Wiederholung der Vergangenheit
Es ist sehr wahrscheinlich, dass die „militärische Spezialoperation“ in der Ukraine von der russischen Regierung als Extrapolation ihrer bisherigen Erfahrung mit der Angliederung der Krim 2014 verstanden wurde, die Putin laut eigenen Angaben im Alleingang beschlossen hatte. Man darf nicht vergessen, dass die Krim in den Augen der russischen Regierung eine Erfolgsgeschichte war: Die innenpolitische Unterstützung dieser Aktion fiel sehr stark aus, während die Ukraine nicht in der Lage war, sich dem Vorgehen des Kreml zu widersetzen, und die vom Westen auferlegten Kosten hielten sich in Grenzen.
Im Kreml hatte man wohl angenommen, 2022 würde alles ungefähr so ablaufen wie 2014, nur größer
Abgesehen vom Abschuss der malaysischen Boeing im Juli 2014 über dem Donbass interessierten sich die Establishments von Europa und Amerika nicht wirklich für Russlands Umgang mit der Ukraine, und mithilfe mächtiger Unterstützungsgruppen in den USA und in Europa konnte die russische Führung die schwersten Sanktionen, die dem Kreml drohten, ausbremsen. Diese früheren Erfolge weckten also die Erwartung, dass sich der Westen, der in den letzten Jahren diverse Misserfolge erlebt hatte – vom Brexit über den Sturm auf das Kapitol bis zur Flucht der USA aus Afghanistan – in einem unaufhaltbaren Niedergang befände und prinzipiell nicht zum entschlossenen Widerstand gegen Russland in der Lage wäre. Daher wurden die Dimensionen des Widerstands gegen die „militärische Spezialoperation“ in der Ukraine und international nicht so genau kalkuliert: Im Kreml hatte man wohl angenommen, 2022 würde alles ungefähr so ablaufen wie 2014, nur größer. Aber bald wurde klar: Man kann nicht zweimal in denselben Fluss steigen.
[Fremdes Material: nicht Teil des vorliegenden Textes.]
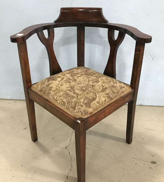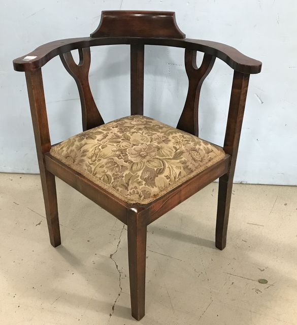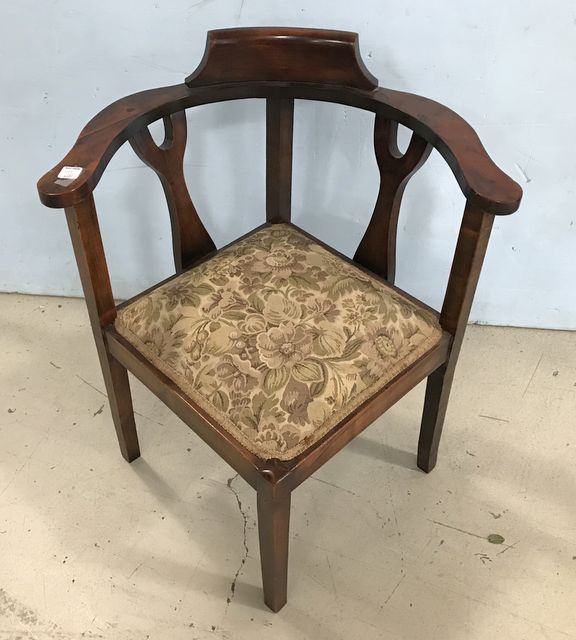 Antique Chippendale Corner Chair, upholstery seat, floral design, 27"h., 23"w. Antique Chippendale Corner Chair, upholstery seat, floral design, 27"h., 23"w.
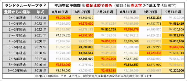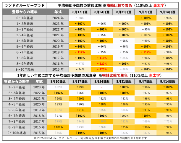 トヨタ ランドクルーザープラドの平均売却予想額が変化した割合
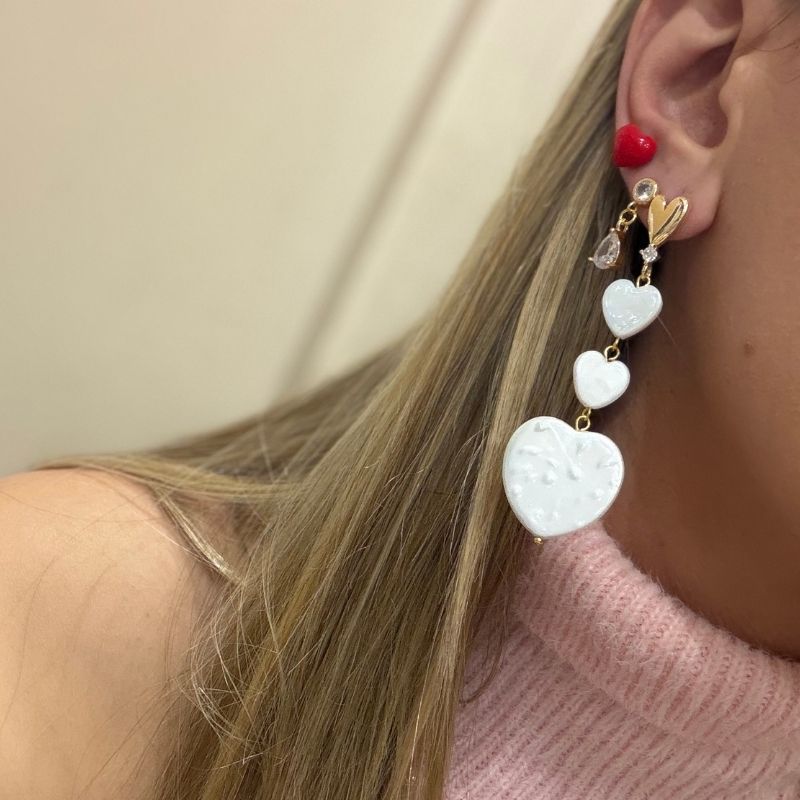Χειροποίητα σκουλαρίκια με καρδιές απο πέρλα του γλυκού νερού , λαμπερό ζιργκον και επιχρυσωμένη βάση

Die Folgen der fatalen Selbstüberschätzung, die die russische Regierung bei der Entscheidung über die „militärische Spezialoperation“ in der Ukraine an den Tag gelegt hat, ließen nicht lang auf sich warten und bestimmten die weitere Entwicklung des Landes und der Welt. Doch noch ist unklar, welche Lehren die Machthaber in Russland daraus ziehen und ob ihre zukünftigen Entscheidungen nicht noch unheilvoller sein werden.